Until your traffic increases.

Now you add a fourth server.

Server = Hash(Key) % 4

Suddenly almost every key gets remapped.

The Big Problem

Before:

Hash(User123) % 3 = Server 1

After adding Server 4:

Hash(User123) % 4 = Server 3

The same user now points to a completely different server.

As a result:

Cache becomes useless
Data must be migrated
Massive cache misses occur
System performance drops

This process is called Rebalancing.

The Rebalancing Problem

Suppose you have:

100 Million Records
3 Servers

You add a new server.

With modulo-based hashing:

Almost all records need redistribution

That's extremely expensive.

For large-scale systems:

Data transfer takes time
Network bandwidth increases
Cache hit ratio drops
User latency increases

We need a better solution.

Enter Consistent Hashing

Consistent Hashing is a technique designed to minimize data movement when servers are added or removed.

Main Goal

Instead of moving all data:

Move only a small portion of data

In a properly balanced system:

Only 1/N of keys are reassigned

Where:

N = Number of Servers

This makes scaling significantly cheaper.

Core Idea: The Hash Ring

Unlike normal hashing, Consistent Hashing places both:

Servers
Data Keys

on a virtual circular ring.

Step 1: Create a Ring

Imagine a hash space:

0 → 360°

0 → 2^32 - 1

Both servers and keys are hashed into this space.

Example:

Server A → 50
Server B → 150
Server C → 300

Ring:

          0
       /     \
    300       50
       \     /
        150

Step 2: Place Keys on the Ring

Suppose:

User1 → 70
User2 → 180
User3 → 320

Now each key searches clockwise for the next available server.

Data Assignment Rule

A key belongs to:

The first server encountered while moving clockwise.

Example:

User1 → 70

Clockwise:

70 → Server B(150)

Assigned to:

Server B

Another Example

User2 → 180

Clockwise:

180 → Server C(300)

Assigned to:

Server C

Another Example

User3 → 320

Clockwise:

320 → wrap around → Server A(50)

Assigned to:

Server A

This wrapping behavior is why it's called a ring.

What Happens When a New Server Is Added?

Suppose a new server appears:

Server D → 220

Before:

Server B(150) → Server C(300)

After:

Server B(150) → Server D(220) → Server C(300)

Only keys between:

150 and 220

move to Server D.

Everything else remains untouched.

Result

Instead of moving:

100% of data

We move roughly:

1/N of data

This is the biggest advantage of Consistent Hashing.
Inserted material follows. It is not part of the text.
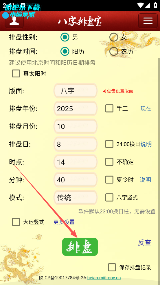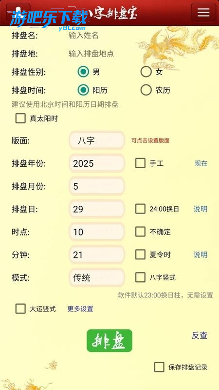 排盘信息可自行选择是否保存,方便记录每次排盘情况,在应用中可便捷查看。

What Happens When a Server Fails?

Suppose:

Server B crashes

Only the keys owned by Server B need reassignment.

Those keys move to the next clockwise server.

Example:

Server B → Down

Keys automatically move to:

Server C

The rest of the ring remains unchanged.

This makes Consistent Hashing naturally fault tolerant.

The Uneven Distribution Problem

There is still one issue.

Suppose servers are placed like:

Server A → 10
Server B → 15
Server C → 250

Now Server C owns a huge portion of the ring.

Result:

Uneven Load Distribution

Some servers become overloaded while others sit idle.

Virtual Nodes (VNodes)

To solve uneven distribution, we use Virtual Nodes.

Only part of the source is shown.